Consensus | Actual | Previous | |
---|---|---|---|
Level | 44.7 | 45.3 | 46.5 |
Highlights
Output, new orders, employment and stocks of purchases all fell at accelerated rates, while vendor delivery times lengthened by the least since January 2020. Manufacturing output contracted for a sixth straight month and at one of the fastest rates in the last 14 years while another fall in new orders reflected weakness in both the domestic and overseas markets. Brexit problems again featured in soft export demand.
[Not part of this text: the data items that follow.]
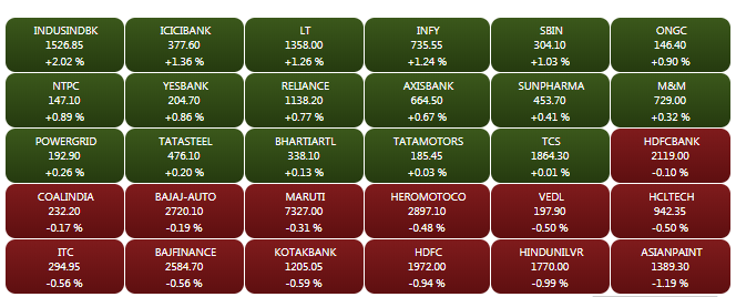 The domestic stock markets –Sensex and Nifty– are trading higher in the afternoon trade, tracking global cues. The Sensex is up about 103 points to 36,421.61, while the Nifty is trading above the 10,900-mark. IndusInd Bank share price gained by more than 2% to Rs 1,526.30, while L&T shares rallied by 1.5% to Rs 1,358.75, to emerge among top Sensex gainers. A look at LIVE Sensex heat map.
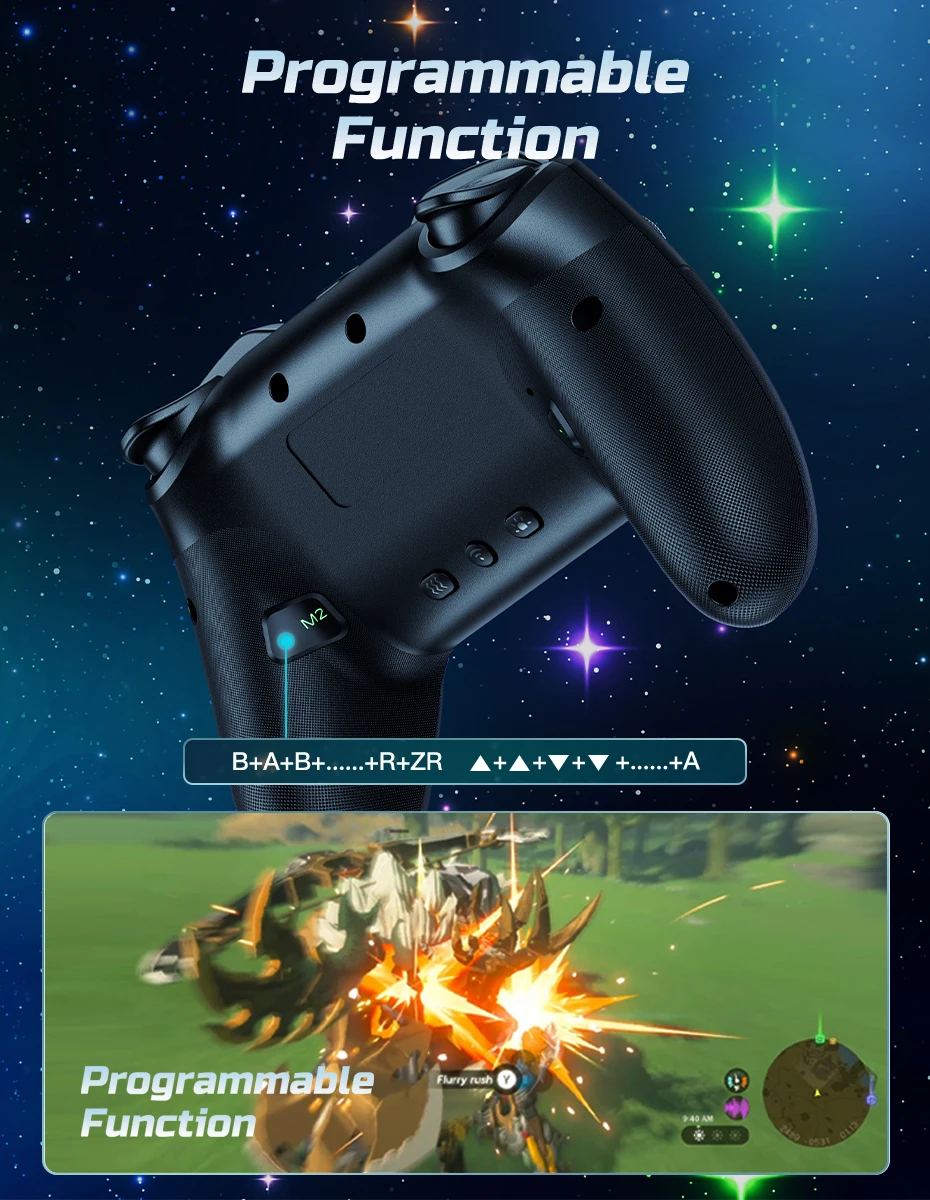 Puedes mapearlo solo en uno de los botones o crear una combinación de botones si lo deseas.(M1/M2=cualquier tecla A/B/X/Y/L/ZL/R/ZR/L3/R3/D-pad, hasta 16 teclas).2 modos de programación: 1mapeo único 2 mapeo múltiple.Admite el modo Auto Turbo/Manual Turbo.3 velocidades de ráfaga ajustables: 5 disparos/s, 12 disparos/s y 20 disparos/s.El botón programable y Turbo maximizará el juego.
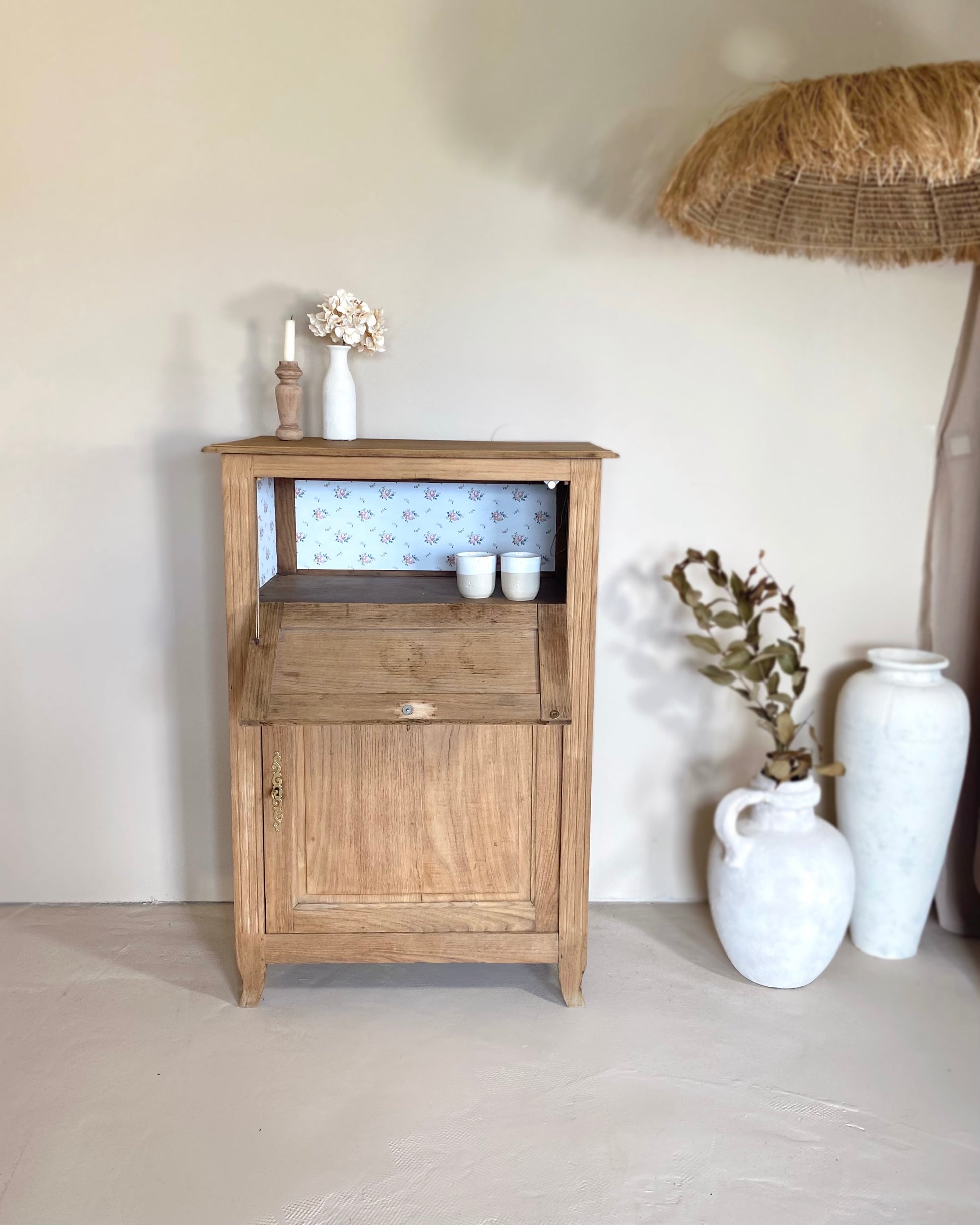 J’ai recréé une étagère en bas qui a été protégée avec un vernis mat couleur chêne.
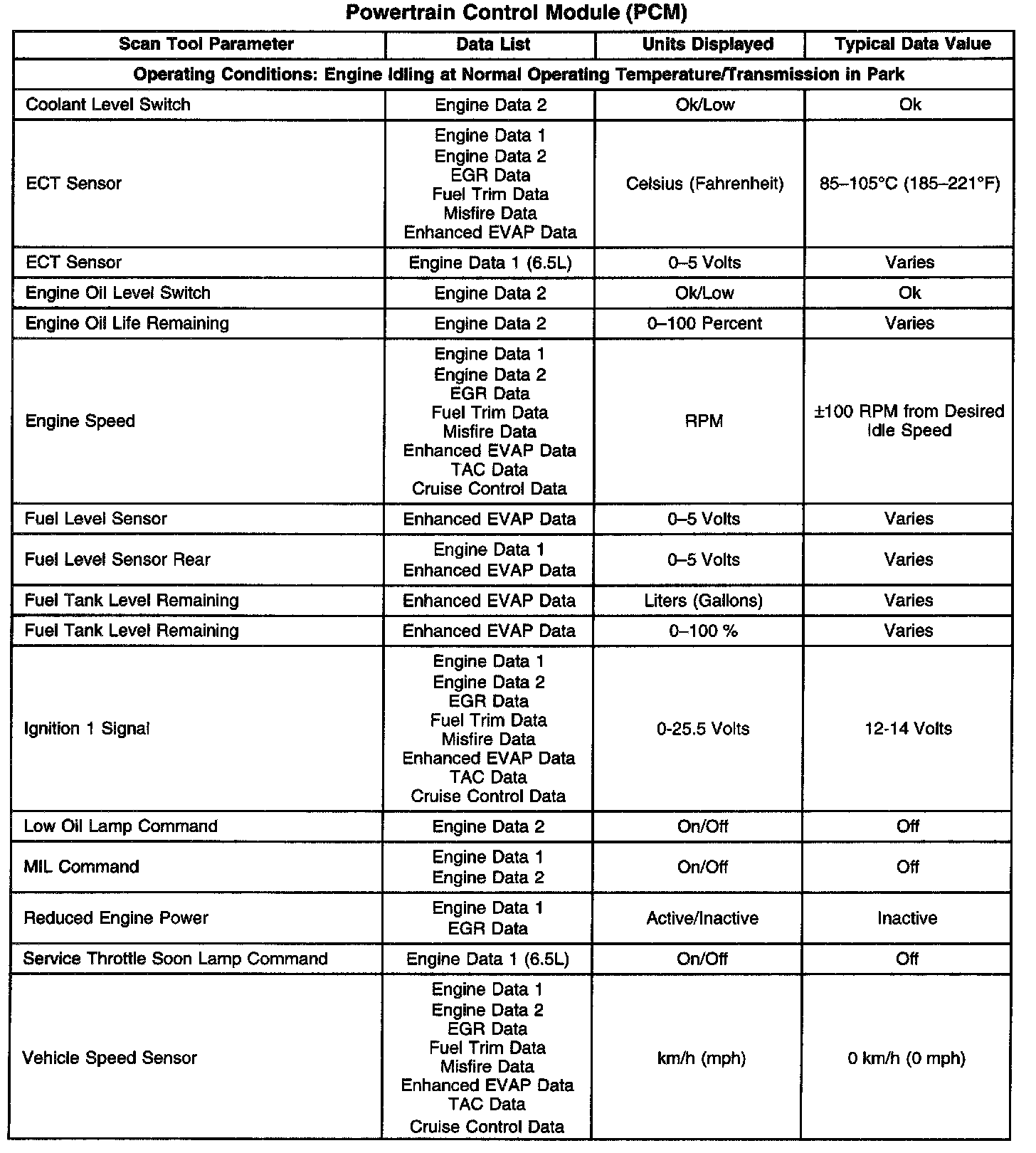 Scan Tool Data List - Powertrain Control Module (PCM)

Jobs were cut for a third consecutive month and by the most since October 2020. Even so, backlogs still declined at the second-quickest pace in over a decade and, not surprisingly, business expectations remained at historically low levels.
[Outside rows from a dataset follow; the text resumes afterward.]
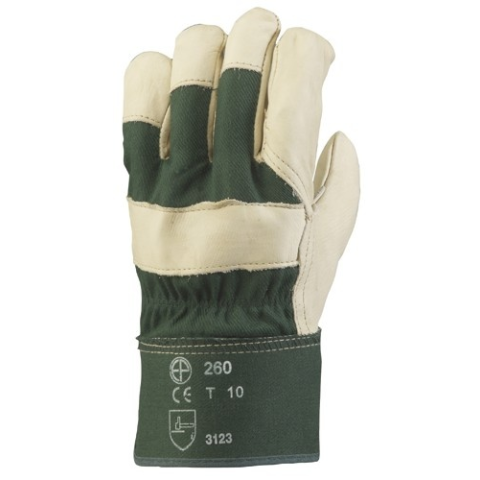 BŐRKESZTYŰ, SZÜRKE SZÍNMARHA/ZÖLD VÁSZON KÉZHÁT_10 Rakodó kesztyű színmarhabőrből, 1,2mm vastagságú. Pamut béléssel, zöld vászonnal a mandzsettán és a kézháton, 8cm-es biztonsági mandzsettával
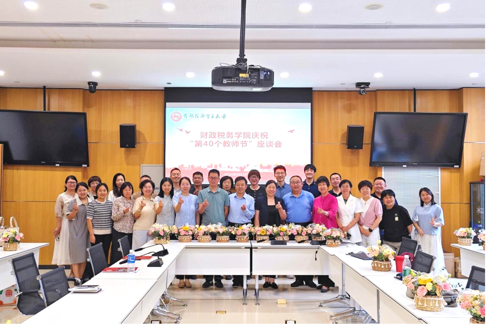 在座谈会环节,刘颖教授、李红霞教授、黄春元副教授以及青年教师代表茹玉博士和武威博士分享了各自的从教体会和经验。刘颖教授在第四十个教师节时回顾了自己四十年的教学生涯,满怀感慨地谈及在这段岁月里的成长与蜕变。她以深沉的思索和感动的语气,结合自身经验,分享了两点体会:一是坚守与传承教育初心,当初选择教师职业时,满怀理想与责任感,渴望通过教育影响学生、培养国家未来;二是深刻理解教师的模范作用,教师不仅是知识的传授者,更是学生人生道路上的引路人,言行举止通过细微却深刻的方式影响学生的思维、人格和未来。李红霞教授表示,从最初毫不犹豫地选择教师职业,多年来不仅提升自身教学水平,还通过不断学习和进修,追求更高的学术成就,最终取得博士学位并成为博士生导师。黄春元副教授则认为,岁月如雕刻刀,虽历经压力与挑战,却为教师们雕刻出健康、平安与丰硕的教研成果。茹玉博士谈到,在财税学院的工作让她感受到幸福、感动与珍惜——幸福于资深老师的帮助和见证学生成长,感动于同事的奉献精神,并珍惜这份职业的神圣使命。武威博士则表示,作为青年教师,能在财税学院这个充满关怀与支持的集体中工作,倍感自豪与感恩。在学院领导的关怀、前辈的无私指导及同事的互帮互助下,深感育人的责任与使命,在教学和科研探索中不断成长,逐步站稳讲台,提升教学质量,并积极追求学术科研的突破与进步。
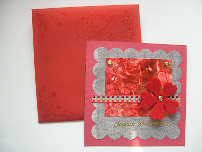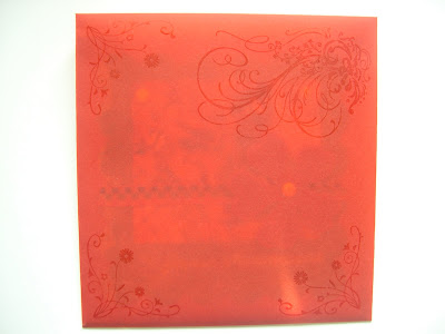 Comme je n'avais pas d'enveloppe assortie, j'ai décidé d'en réaliser une tout de suite... Oui, parce que si je prévois de la faire plus tard, j'oublie (NdlR : Merci Aloys) ou je n'ai plus le temps... J'ai eu envie de la réaliser "transparente"... et j'ai trouvé un feuillet de calque rouge qui m'avait l'air d'une compagnie tout à fait respectable pour ma carte... Quelques arabesques plus tard....
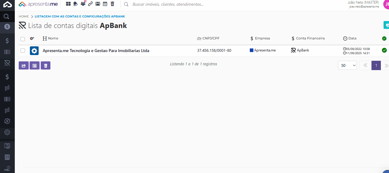 Importante: a Conta ApBank é criada pela equipe da Apresenta.me. O cliente apenas precisa enviar a documentação necessária, e um colaborador Apresenta.me será responsável por realizar a criação da conta. Após isso, basta que você valide a conta no sistema para que ela esteja pronta para uso.
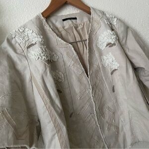 Elie Tahari Beige Linen Cotton Blend Embroidered Cropped Jacket

More optimistically, December at least saw a further easing in input cost and output price inflation. Despite a thirty-seventh consecutive monthly increase in the former, cost inflation eased to its lowest rate since the start of 2021. At the same time, the latter recorded its weakest post in almost two years. That said. Both measures remained historically high.
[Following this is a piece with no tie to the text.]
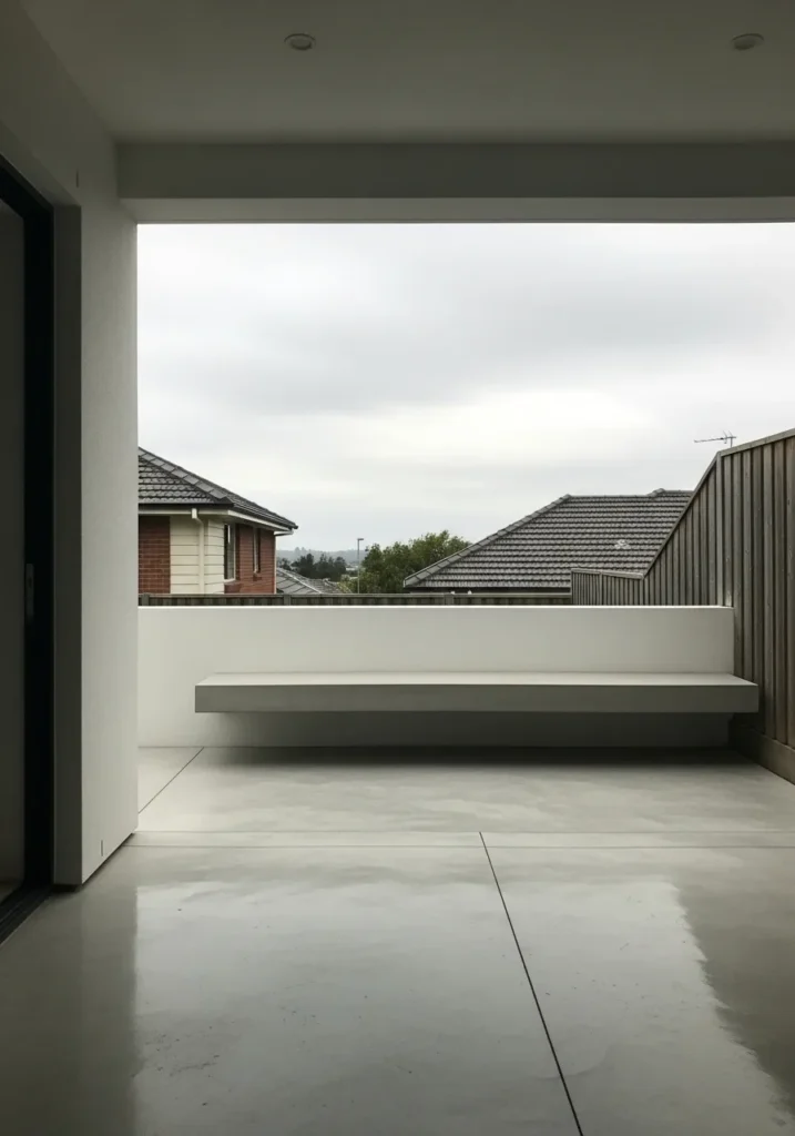 A covered terrace space showcases polished concrete flooring in a light gray shade. The smooth finish reflects the overcast sky, while the open rectangular cutout frames neighboring rooftops. Clean white walls enhance the simplicity of the sleek material.

In sum, today's update will do nothing to undermine expectations that the UK economy is facing a prolonged recession in 2023. However, with the UK's ECDI (42) and ECDI-P (39) still well above zero, for now economic activity in general continues to hold up better than expected.
Market Consensus Before Announcement
Definition
Description
The PMI manufacturing data give a detailed look at the manufacturing sector, how busy it is and where things are headed. Since the manufacturing sector is a major source of cyclical variability in the economy, this report has a big influence on the markets. And its sub-indexes provide a picture of orders, output, employment and prices.